Quenching‐Induced Three‐Phase Heterostructured Catalysts for Oxygen Electrocatalysis with Lattice Oxygen Participation

Abstract Lattice oxygen‐mediated mechanism of oxygen evolution reaction can overcome the scaling relations‐induced limitations imposed by conventional adsorption evolution mechanism, but faces challenges in maximizing activation of lattice oxygen species. The flexible structure of three‐phase heterostructured catalysts provides the possibility for high‐performance electrocatalysis, yet still face the bottleneck of synthesis difficulty and insufficient regulation. Herein, a facile quenching route is proposed for the synthesis of core‐shell catalysts, and the influence mechanism of three‐phase heterostructure on quenching engineering is elucidated.

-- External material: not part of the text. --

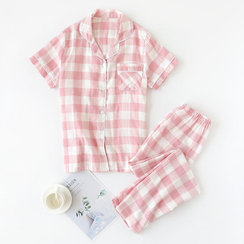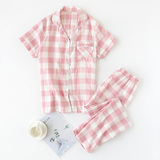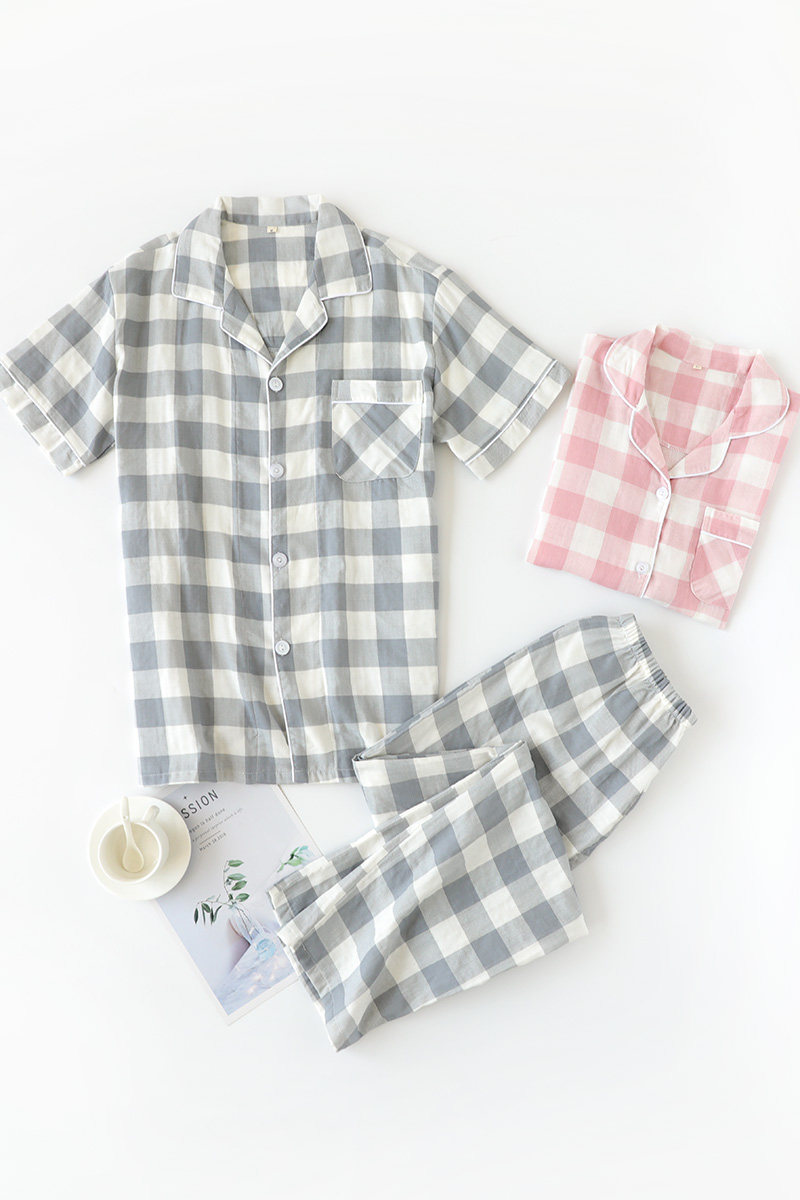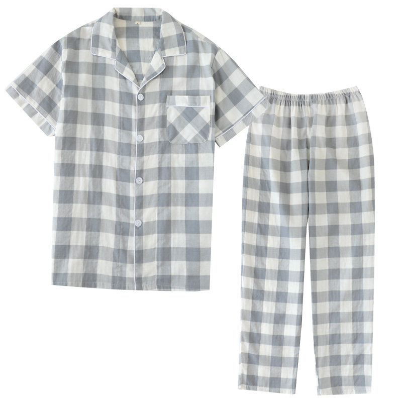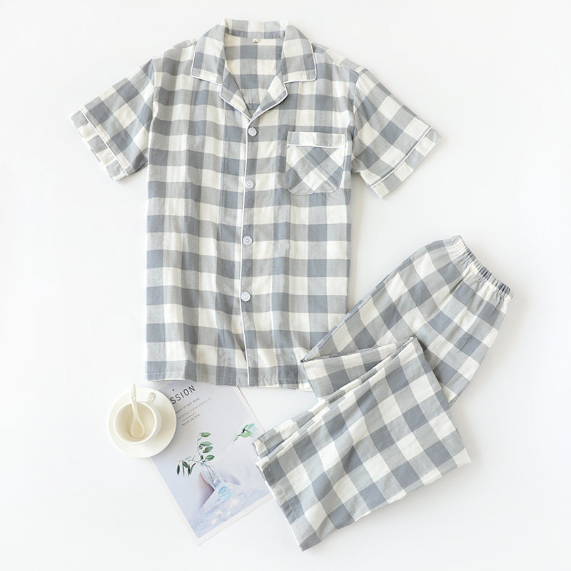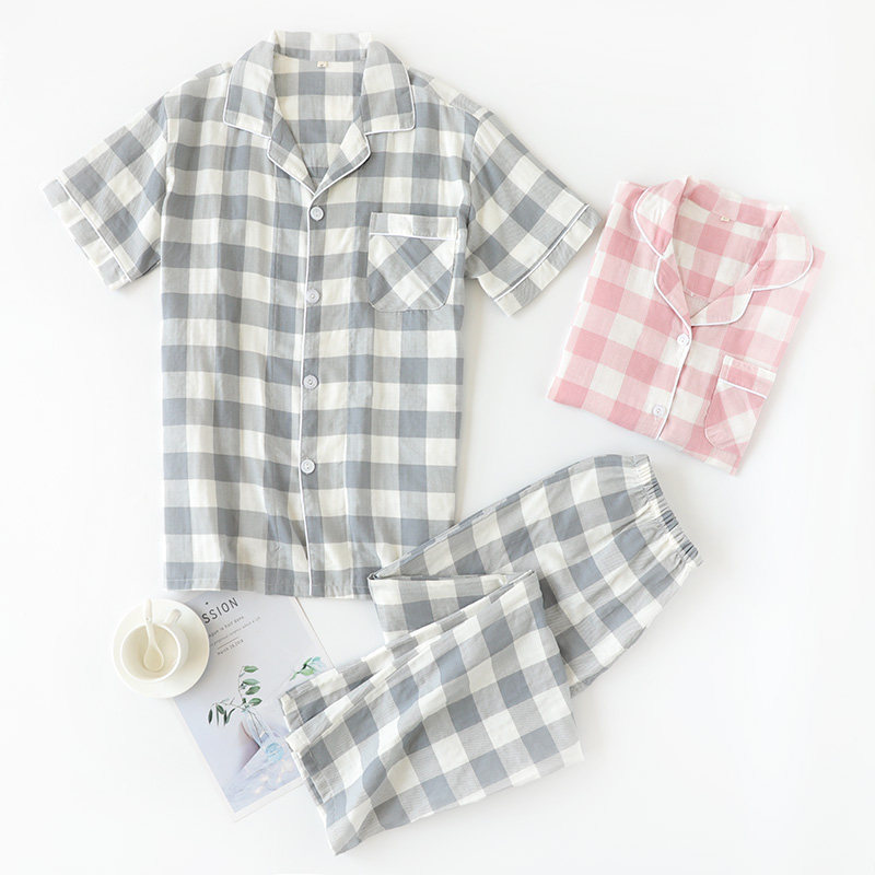 Мужская пижама, хлопковые марлевые штаны, летний тонкий комплект, для влюбленных, короткий рукав, оверсайз

High‐temperature LaNiO 3 nanoparticles are quenched in FeSO 4 solution to construct a LaNiO 3 /Fe(OH) 3 core‐shell structure by inducing rapid hydrolysis of Fe 2+ . The differential thermal expansion coefficient between LaNiO 3 and Fe 2 O 3 , as well as the three‐phase interfaces composed of core‐shell structure and amorphous/crystalline phases in Fe 2 O 3 shell, result in significant surface/interface regulation for LaNiO 3 /Fe 2 O 3 core‐shell catalysts during re‐quenching in Co(NO 3 ) 2 solution, including richer lattice distortion and defects, and more heteroatom doping. The derived three‐phase heterostructured catalysts exhibit significantly improved oxygen electrocatalytic activity with lattice oxygen participation, and the assembled liquid zinc–air batteries show excellent output power density and cycling performance. Our finding provides important insights into the synthesis of three‐phase heterostructured catalysts and the regulation of heterogeneous interfaces through quenching engineering.